» TASK DATA
- - - -

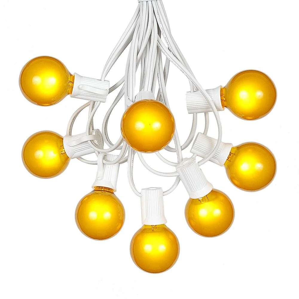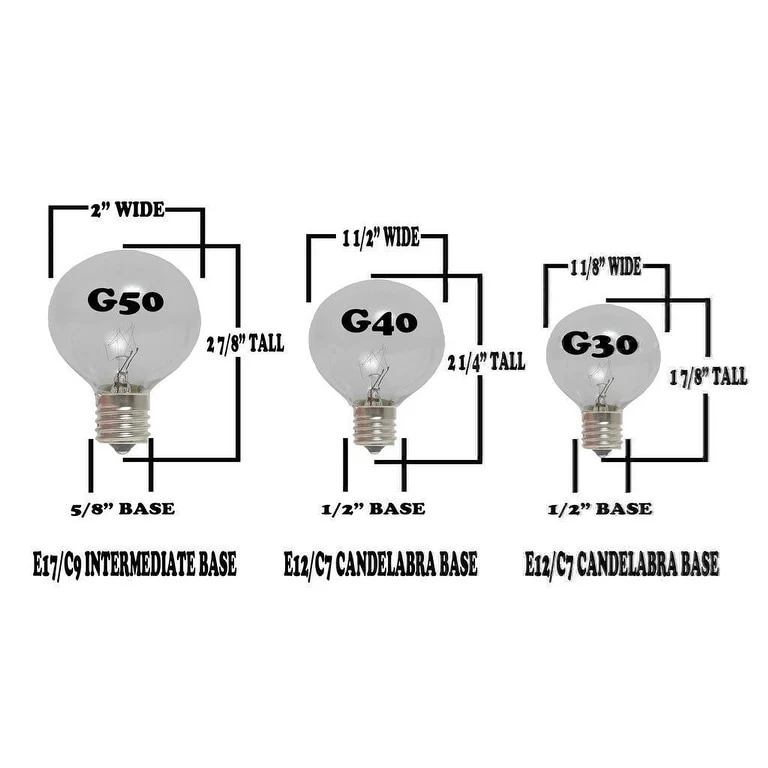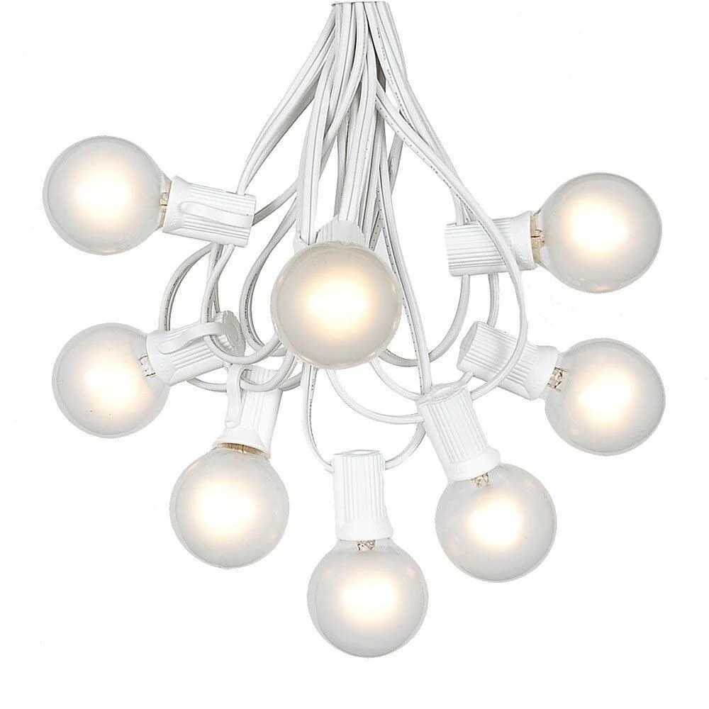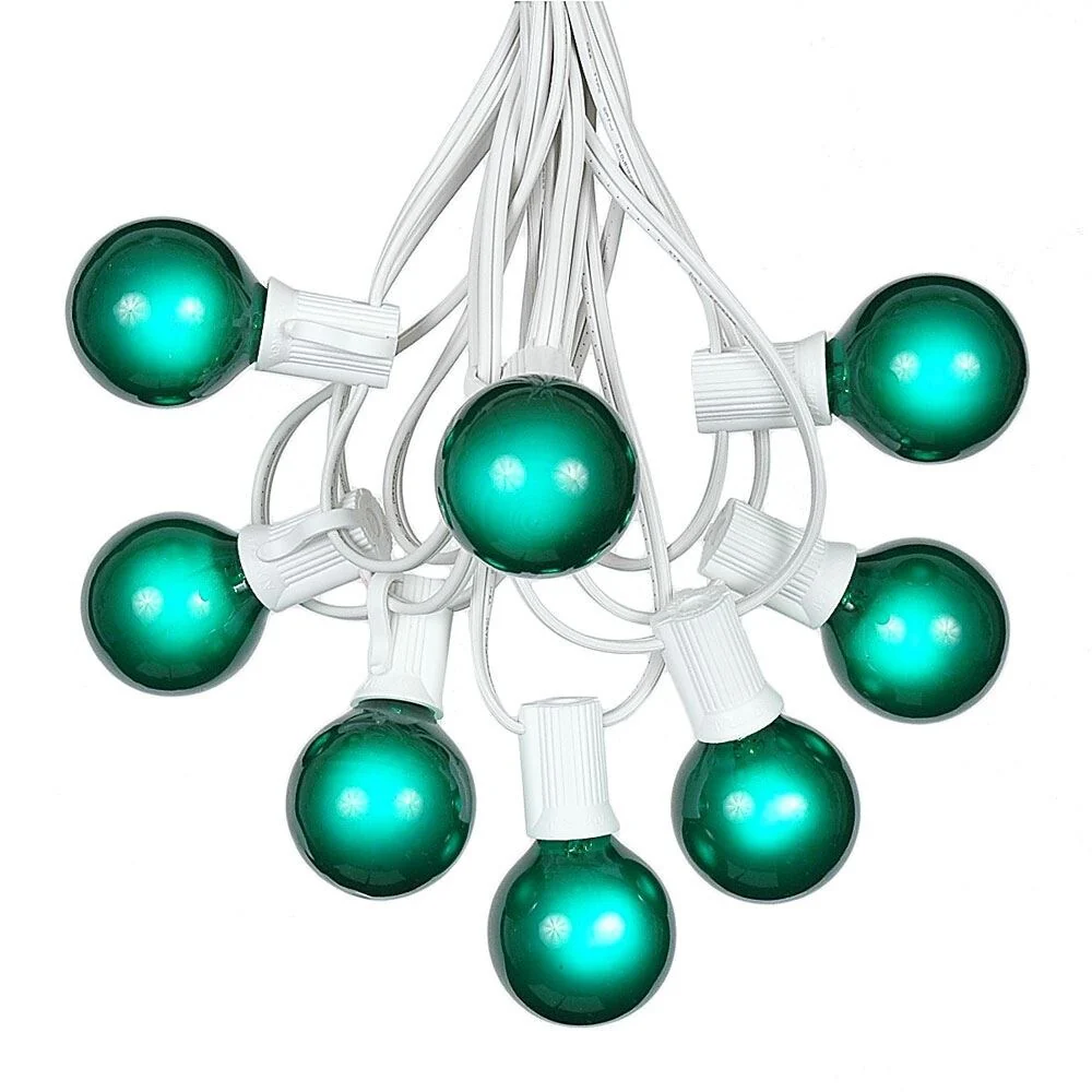 Our G40 globe string light set with 125 bulbs is perfect for outdoor patios, decks, special event or Christmas lighting.  Our G40 bulb is a C7/E12 candelabra base and comes with a C7/E12 candelabra string.  Each set includes 125 globe shaped bulbs on a White wire stringer with 100 sockets that are spaced 12" apart.  We have Included the extra 25 bulbs free of charge for replacements as a complimentary service.  These G40 light strings have long lasting 3,000 hour bulbs and are on a 20 gauge White wire.  All our G40 light strings use patented Admiral Brand sockets. These durable and heavy duty light strings will provide you with years of maintenance free use.
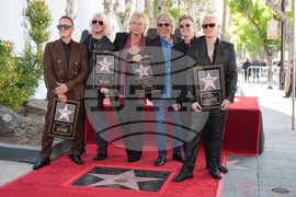 Vivian Campbell, second from left, Joe Elliott, Rick Allen, Phil Collen, and Rick Savage of Def Leppard pose with their new star with Bruce Resnikoff, left, and Jon Bon Jovi, right, during a ceremony on the Hollywood Walk of Fame on Thursday, Oct. 9, 2025, in Los Angeles. (AP Photo/Chris Pizzello)
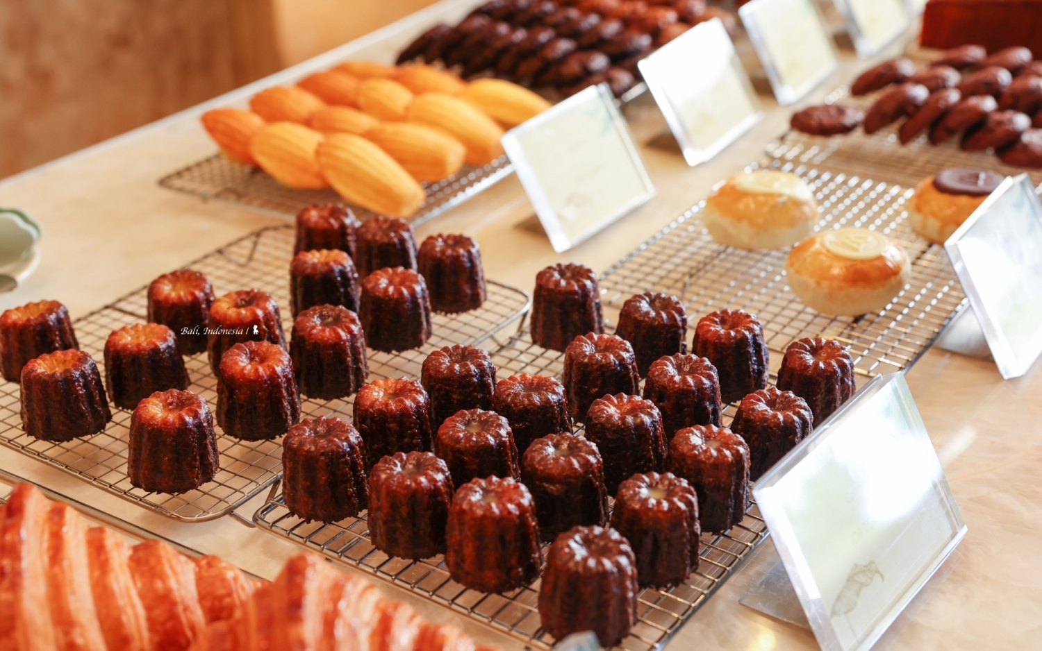 CANNELÉ 是一間讓人賞心悅目的甜點店,從空間線條到甜點造型都是那樣優雅。但這絕對不只是一間法式甜點店那麼簡單而已,當然可麗露、馬卡龍還有各種融合印尼食材的法國糕點,保證會誘發你的選擇困難症,除此之外多款麵包與鹹點也都相當美味,像是使用瑪茲瑞拉起司、櫻桃番茄及羅勒的蜜糖吐司,以及名為「Panzerotti Margherita」裡頭有番茄、羅勒餡料的義大利炸起司麵包,都是可當作午餐享用的必點鹹食,此外我喜愛的可頌也在水準之上。
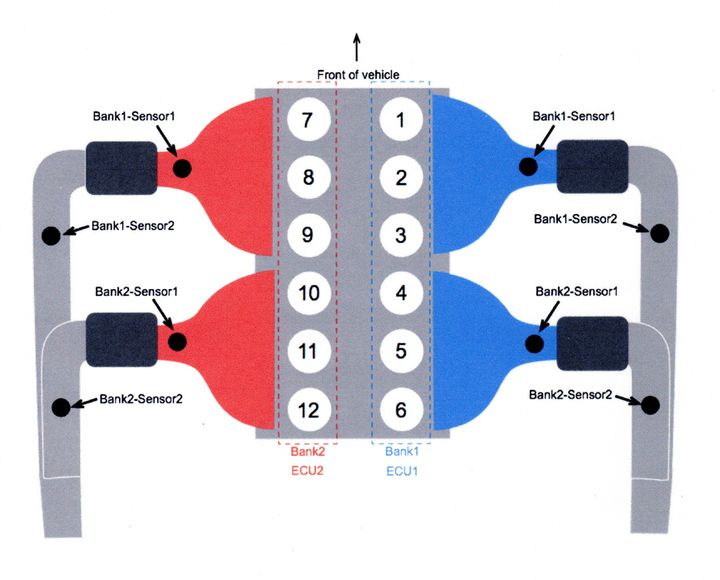The Fowell reads and reports on the ECU's independently: I believe it should list them as "12 Cylinder EMS-P" and "12 Cylinder EMS-S" (the P and S representing the Primary and Secondary ECUs, respectively). This means that the Primary is for the left bank, looking from the front of the car, while the right bank is Secondary (I hesitate to use "driver" and "passenger" sides as I'm in Canada). Given that, you still need to see which bank it is referring to (Primary or Secondary) but the Bank 2 Sensor 1 position is the rear pre-cat sensor, mounted near the top of the manifold - and much more easily reached than the post-cat position, mounted closer to where the mid-pipe joins the manifold.
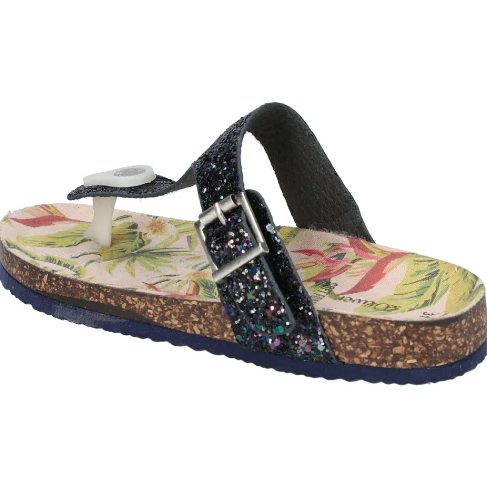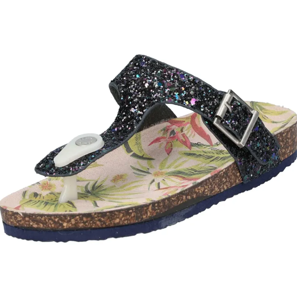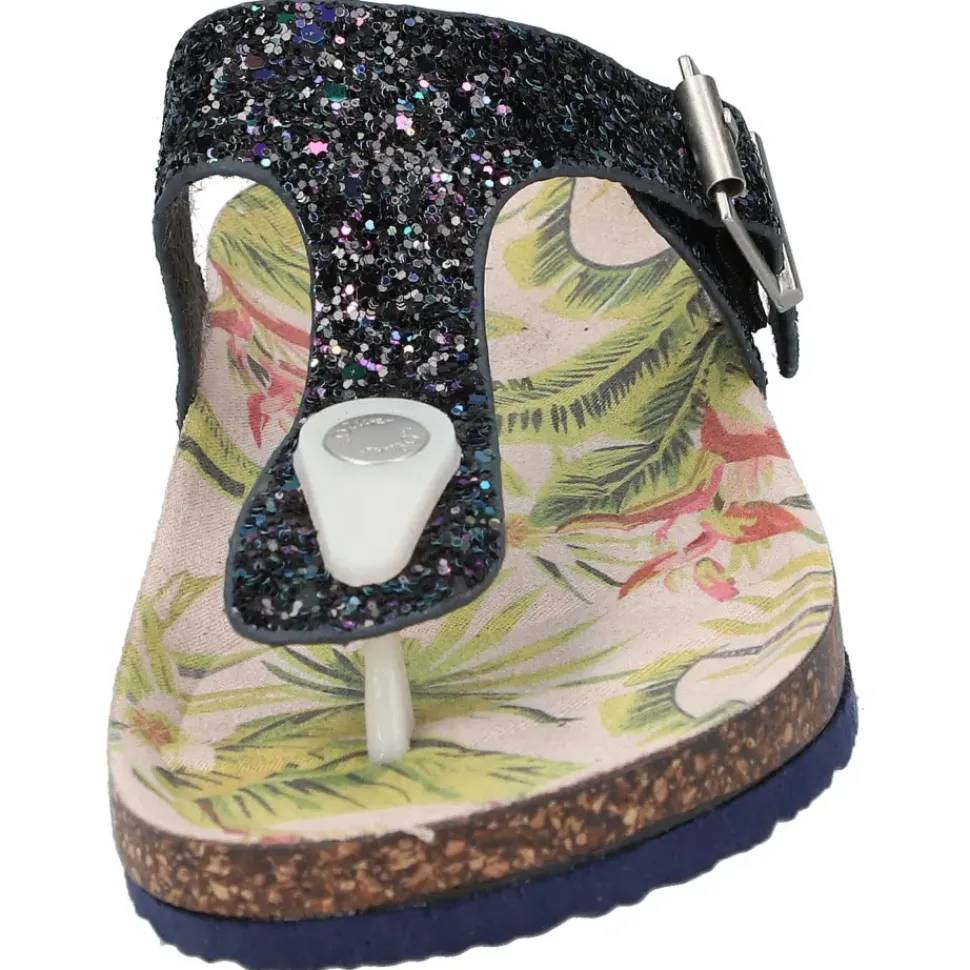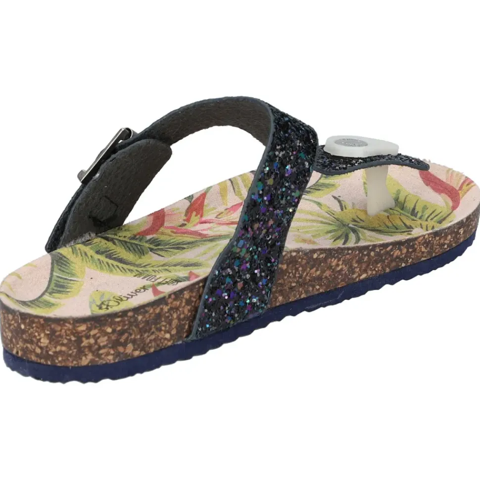 Süße Zehentrenner von S. Oliver in farbenfrohen Farben und mit Glitzersteinchen. Durch den Schnallenverschluss wird das An -und Ausziehen ein Kinderspiel.

- - - -

» EXERCISE DETAILS
Set down the line containing "Vivian Campbell, second", then every later line through the end of the material, exactly as written; omit any picture.

» REPLY TO THE TASK
 Vivian Campbell, second from left, Joe Elliott, Rick Allen, Phil Collen, and Rick Savage of Def Leppard pose with their new star with Bruce Resnikoff, left, and Jon Bon Jovi, right, during a ceremony on the Hollywood Walk of Fame on Thursday, Oct. 9, 2025, in Los Angeles. (AP Photo/Chris Pizzello)
 CANNELÉ 是一間讓人賞心悅目的甜點店,從空間線條到甜點造型都是那樣優雅。但這絕對不只是一間法式甜點店那麼簡單而已,當然可麗露、馬卡龍還有各種融合印尼食材的法國糕點,保證會誘發你的選擇困難症,除此之外多款麵包與鹹點也都相當美味,像是使用瑪茲瑞拉起司、櫻桃番茄及羅勒的蜜糖吐司,以及名為「Panzerotti Margherita」裡頭有番茄、羅勒餡料的義大利炸起司麵包,都是可當作午餐享用的必點鹹食,此外我喜愛的可頌也在水準之上。
The Fowell reads and reports on the ECU's independently: I believe it should list them as "12 Cylinder EMS-P" and "12 Cylinder EMS-S" (the P and S representing the Primary and Secondary ECUs, respectively). This means that the Primary is for the left bank, looking from the front of the car, while the right bank is Secondary (I hesitate to use "driver" and "passenger" sides as I'm in Canada). Given that, you still need to see which bank it is referring to (Primary or Secondary) but the Bank 2 Sensor 1 position is the rear pre-cat sensor, mounted near the top of the manifold - and much more easily reached than the post-cat position, mounted closer to where the mid-pipe joins the manifold.
 Süße Zehentrenner von S. Oliver in farbenfrohen Farben und mit Glitzersteinchen. Durch den Schnallenverschluss wird das An -und Ausziehen ein Kinderspiel.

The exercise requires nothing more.